Conditional random forest (CRF) is a variant of RF, which employs an ensemble method often used for classification, with the goal for a group of weak learners (decision trees) to combine into a strong learner (the forest). In a built-in training method, about 66% of the data are randomly chosen with replacement to create binary decision trees, and the remaining data are used as testing set—termed OOB sample. Breiman (2001) argued that OOB estimates can be used to estimate the generalization error, eliminating the need for a set-aside testing set. The same procedures are followed in CRF, except for variables being chosen without replacement (see CRF implementation section).

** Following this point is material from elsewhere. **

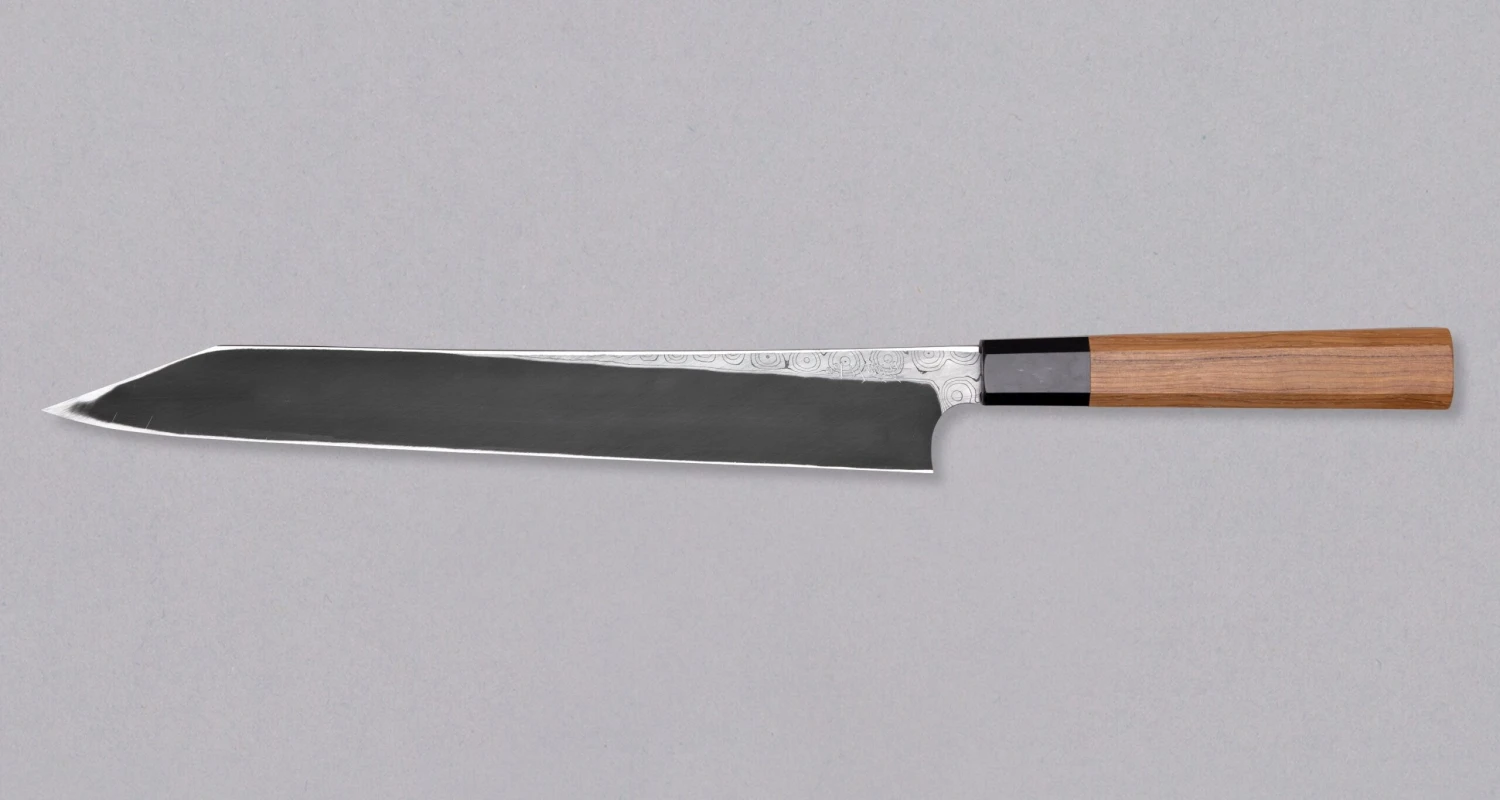 Nigara Kurozome Kiritsuke Yanagiba Aogami #2 Damascus 300mm (11.8″) is a traditional single-bevel Japanese knife used for preparing fish, especially sashimi and nigiri sushi. Its length allows the user to slice different types of protein in one single pulling motion, which will – together with the razor-sharp single bevel blade – birth smooth, shiny cuts.

At each node of the tree, a certain fixed number, m, of predictor variables (typically the square root of the number of all predictor variables) is randomly chosen for splitting. After the forest is constructed, the majority vote determines the classifications in terminal nodes of each tree and is then averaged over all trees. Misclassifications, represented as the OOB error rate, are also averaged over all trees in the forest and provide the level of accuracy of the model.

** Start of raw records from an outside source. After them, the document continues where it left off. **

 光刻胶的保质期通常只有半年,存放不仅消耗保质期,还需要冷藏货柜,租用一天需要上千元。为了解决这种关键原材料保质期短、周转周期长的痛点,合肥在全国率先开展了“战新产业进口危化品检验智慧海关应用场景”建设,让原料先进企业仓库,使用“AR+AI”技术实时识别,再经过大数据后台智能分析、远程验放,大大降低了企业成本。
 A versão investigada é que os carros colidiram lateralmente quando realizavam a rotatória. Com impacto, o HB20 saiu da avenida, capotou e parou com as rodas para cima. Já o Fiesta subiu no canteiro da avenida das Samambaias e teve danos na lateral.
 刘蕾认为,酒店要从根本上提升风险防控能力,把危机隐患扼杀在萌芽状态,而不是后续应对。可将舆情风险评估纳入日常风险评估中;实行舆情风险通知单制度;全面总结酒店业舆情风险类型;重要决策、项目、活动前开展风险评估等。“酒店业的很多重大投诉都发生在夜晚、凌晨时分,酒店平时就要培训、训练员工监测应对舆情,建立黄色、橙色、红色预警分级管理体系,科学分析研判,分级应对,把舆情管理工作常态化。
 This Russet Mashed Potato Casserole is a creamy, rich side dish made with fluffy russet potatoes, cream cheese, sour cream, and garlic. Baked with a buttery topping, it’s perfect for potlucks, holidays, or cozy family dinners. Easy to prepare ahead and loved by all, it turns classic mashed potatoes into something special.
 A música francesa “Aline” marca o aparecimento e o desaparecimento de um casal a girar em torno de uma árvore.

Variable importance measures for feature selection are provided by RF and are attained by calculating the average relative difference between OOB prediction accuracy before and after the permutation of a variable. Strobl and colleagues (2008) showed that RF variable importance is biased when dealing with highly correlated and continuous variables—a likely concern for MRI data. To address this bias in CRF, variables are permuted in a conditional manner to measure variable importance, which reflects the true impact of each predictor variable more reliably (Strobl et al., 2008) and is calculated as the average difference in prediction accuracy or the mean decrease in accuracy (MDA).

CRF implementation

Four analyses using a supervised CRF algorithm were implemented. In the first analysis, each modality was run independently, and the top 100 variables with the highest MDAs from the first run (one dimension reduction) were selected from each modality. CRF was then run on this combined set of 300 variables and MDAs were recorded.

Analyses 2–3 were designed to reduce any potential bias favoring the fcMRI modality, for which much larger numbers of variables were available before feature selection. Analysis 2 permitted for more informative anatomical and DWI features to be selected. Instead of using a predetermined number of top variables from each modality (such as the top 100 variables in analysis 1), the performance of each modality was assessed during separate CRF runs for each modality, with accuracy, sensitivity, and specificity rates determined for each dimension reduction. The number of top variables for each modality was determined based on a minimum 67% accuracy criterion applied to each modality separately. Use of the top 19 variables fulfilled this criterion (>67% accuracy) in each modality (regardless of modality-specific accuracy peaks; Supplementary Fig. S1). CRF was run on the 57 variables (combined from the 3 modalities), and MDAs were recorded.

The third analysis followed the same methods as analyses 1–2, but the number of initially included fcMRI variables was reduced from 24,090 to 5,050 by using the Harvard-Oxford ROI scheme, as described above. This served to reduce the large difference in number of variables between fcMRI and the other two modalities. However, to further eliminate potential bias favoring the fcMRI modality, another analysis was implemented with no feature selection and randomly chosen variables. In this fourth analysis, 100 variables were randomly chosen from each modality and were combined to form a set of 300 variables. This set was run through CRF, and all variables within the set that had negative MDAs were removed. Also, only sets with an OOB error rate <0.4 were kept for further analysis to ensure that the retained sets performed above chance level. This process was repeated 1 million times to ensure that all variables from each modality were being chosen.

Results

Analysis 1

This analysis used the top 100 variables from each modality (cf. Supplementary Fig. S1). For the anatomical modality, white matter hypointensities and right parahippocampal cortical thickness stood out as features with highest MDA. However, MDAs were generally low (all <0.001). For the DWI modality, MDA levels were overall slightly higher, and one variable, FA of the right anterior limb of the internal capsule, stood out with an MDA of 0.0054 that was ≥3 times higher than for other DWI variables. Only 72 DWI variables had positive MDAs, suggesting that all others were noninformative. For the fcMRI modality, MDAs were generally higher, with all top 100 variables in a range from 0.0049 to 0.0152. The top four variables, with MDA >0.01, involved visual ROIs. Three were connections with ROIs in the default mode network, and one was a connection within the visual network. Visual and default mode networks also predominated among the top 100 features, with 57.5% of all ROIs participating in these connections (Supplementary Fig. S2).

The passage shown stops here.